┌──

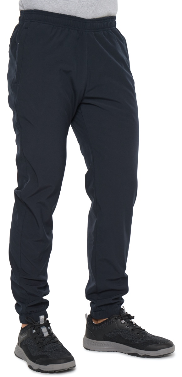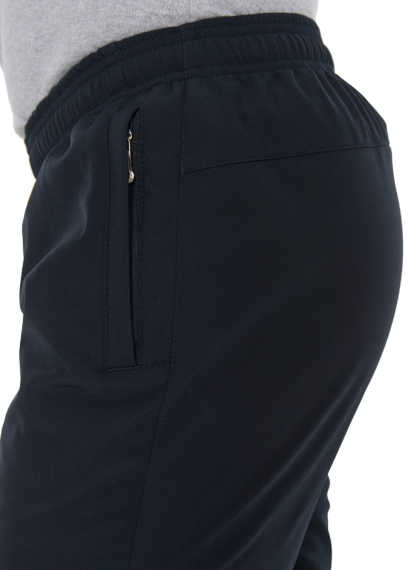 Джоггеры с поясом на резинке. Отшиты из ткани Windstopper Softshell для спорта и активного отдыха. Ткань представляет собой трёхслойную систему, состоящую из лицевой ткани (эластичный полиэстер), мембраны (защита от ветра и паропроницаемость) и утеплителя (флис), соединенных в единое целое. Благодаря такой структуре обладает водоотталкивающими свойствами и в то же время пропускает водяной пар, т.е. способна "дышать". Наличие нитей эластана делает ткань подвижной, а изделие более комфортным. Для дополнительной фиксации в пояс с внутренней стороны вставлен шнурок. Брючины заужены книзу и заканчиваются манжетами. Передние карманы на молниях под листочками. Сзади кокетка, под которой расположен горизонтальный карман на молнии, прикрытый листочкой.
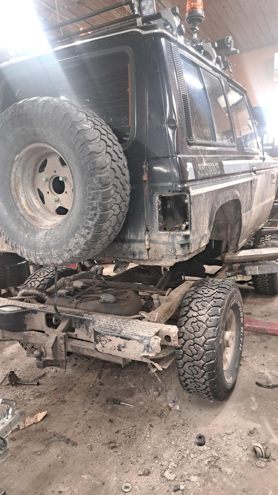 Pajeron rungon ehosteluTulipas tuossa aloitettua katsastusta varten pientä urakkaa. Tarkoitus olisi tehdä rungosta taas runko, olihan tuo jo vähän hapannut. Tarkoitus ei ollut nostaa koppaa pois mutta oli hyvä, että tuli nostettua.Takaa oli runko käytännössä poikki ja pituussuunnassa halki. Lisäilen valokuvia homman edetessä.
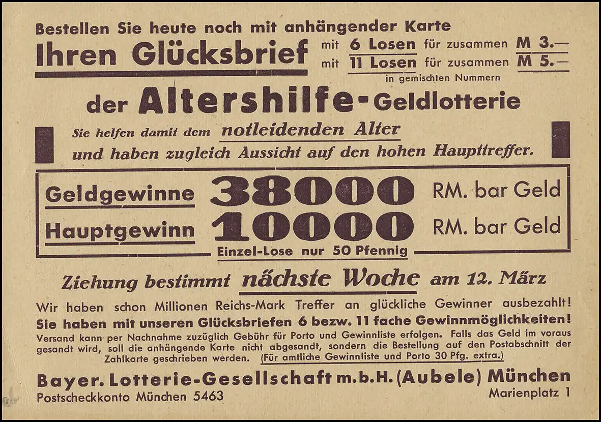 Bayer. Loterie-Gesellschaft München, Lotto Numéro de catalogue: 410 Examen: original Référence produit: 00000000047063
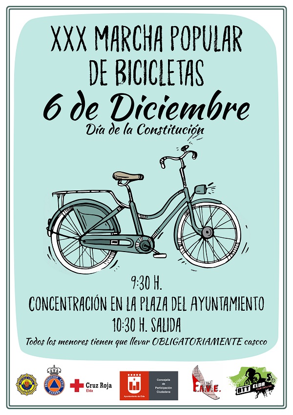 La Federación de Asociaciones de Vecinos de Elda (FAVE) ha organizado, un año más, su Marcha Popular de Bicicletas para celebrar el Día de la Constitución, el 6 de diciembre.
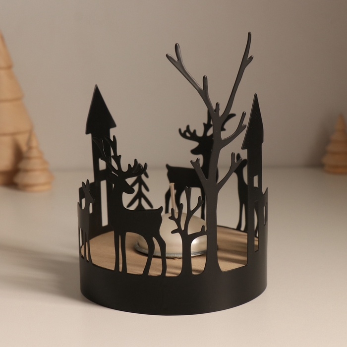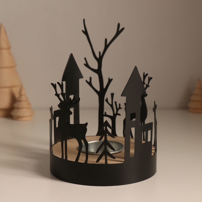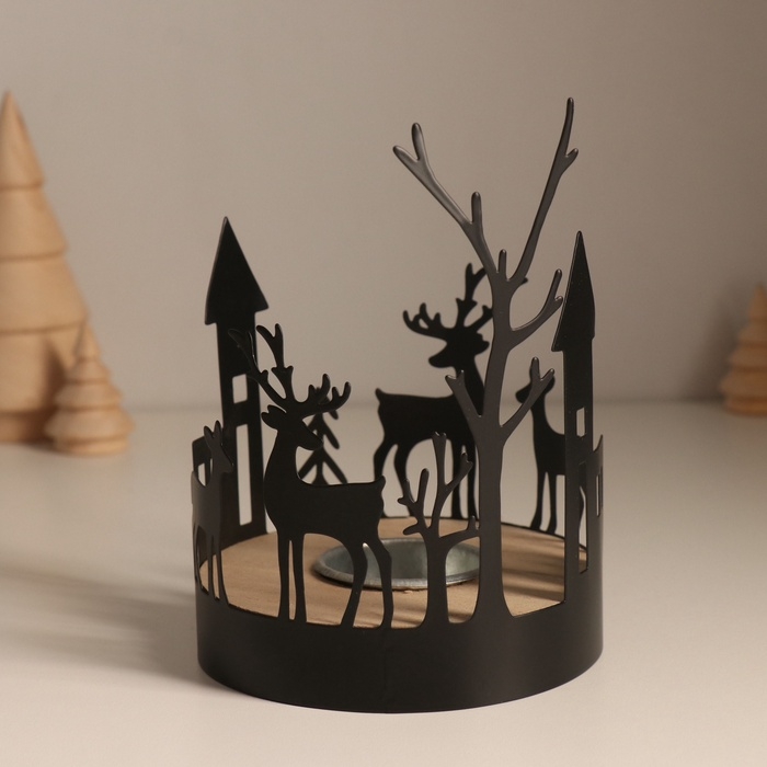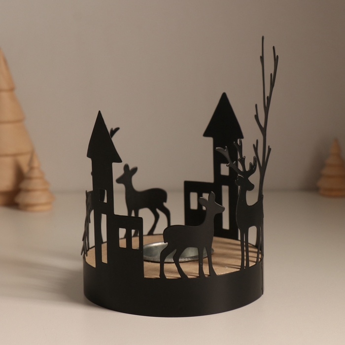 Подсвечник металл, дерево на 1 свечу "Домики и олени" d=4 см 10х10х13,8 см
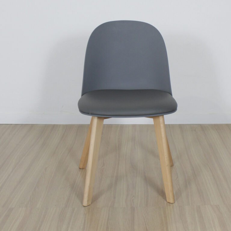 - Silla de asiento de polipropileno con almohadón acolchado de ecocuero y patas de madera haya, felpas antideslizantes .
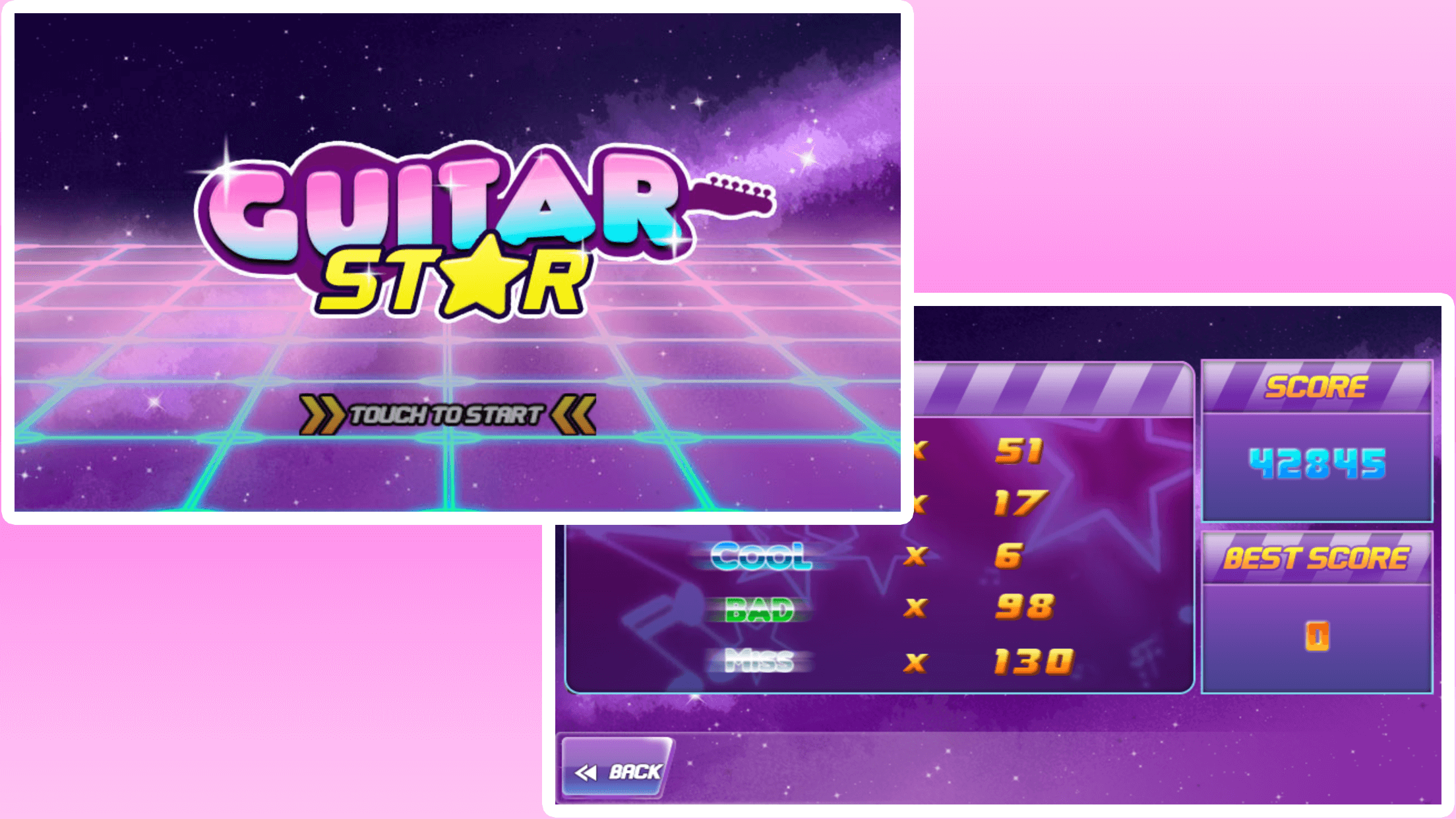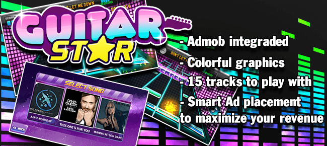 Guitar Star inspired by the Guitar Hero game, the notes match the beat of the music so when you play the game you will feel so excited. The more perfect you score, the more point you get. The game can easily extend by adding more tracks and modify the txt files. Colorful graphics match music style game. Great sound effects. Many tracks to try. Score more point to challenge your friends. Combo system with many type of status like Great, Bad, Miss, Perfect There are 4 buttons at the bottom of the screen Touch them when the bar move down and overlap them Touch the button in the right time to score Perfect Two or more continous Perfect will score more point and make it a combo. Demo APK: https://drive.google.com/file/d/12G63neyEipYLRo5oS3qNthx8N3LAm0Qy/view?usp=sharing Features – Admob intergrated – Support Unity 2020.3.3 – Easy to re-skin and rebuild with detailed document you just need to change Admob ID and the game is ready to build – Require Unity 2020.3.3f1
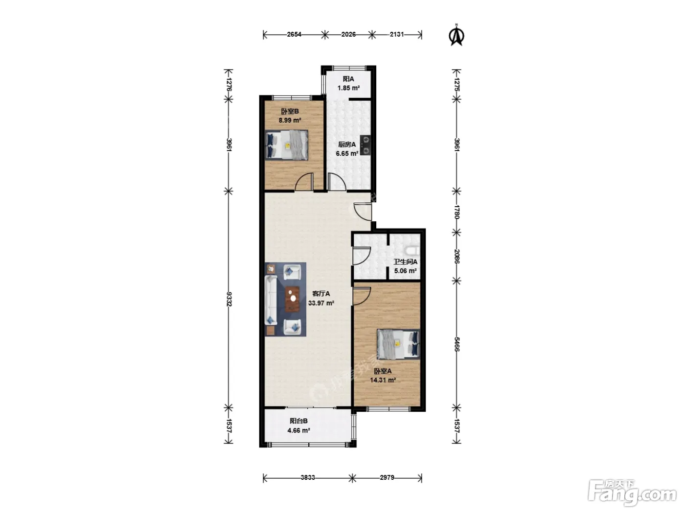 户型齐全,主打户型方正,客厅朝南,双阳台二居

└──

• [TASK DIRECTIONS]: What lines above run from the one with "Bayer. Loterie-Gesellschaft München, Lotto" to the one with "La Federación de"? Give them again exactly, ends included, and leave the pictures out.

• [EXPECTED ANSWER]:
 Bayer. Loterie-Gesellschaft München, Lotto Numéro de catalogue: 410 Examen: original Référence produit: 00000000047063
 La Federación de Asociaciones de Vecinos de Elda (FAVE) ha organizado, un año más, su Marcha Popular de Bicicletas para celebrar el Día de la Constitución, el 6 de diciembre.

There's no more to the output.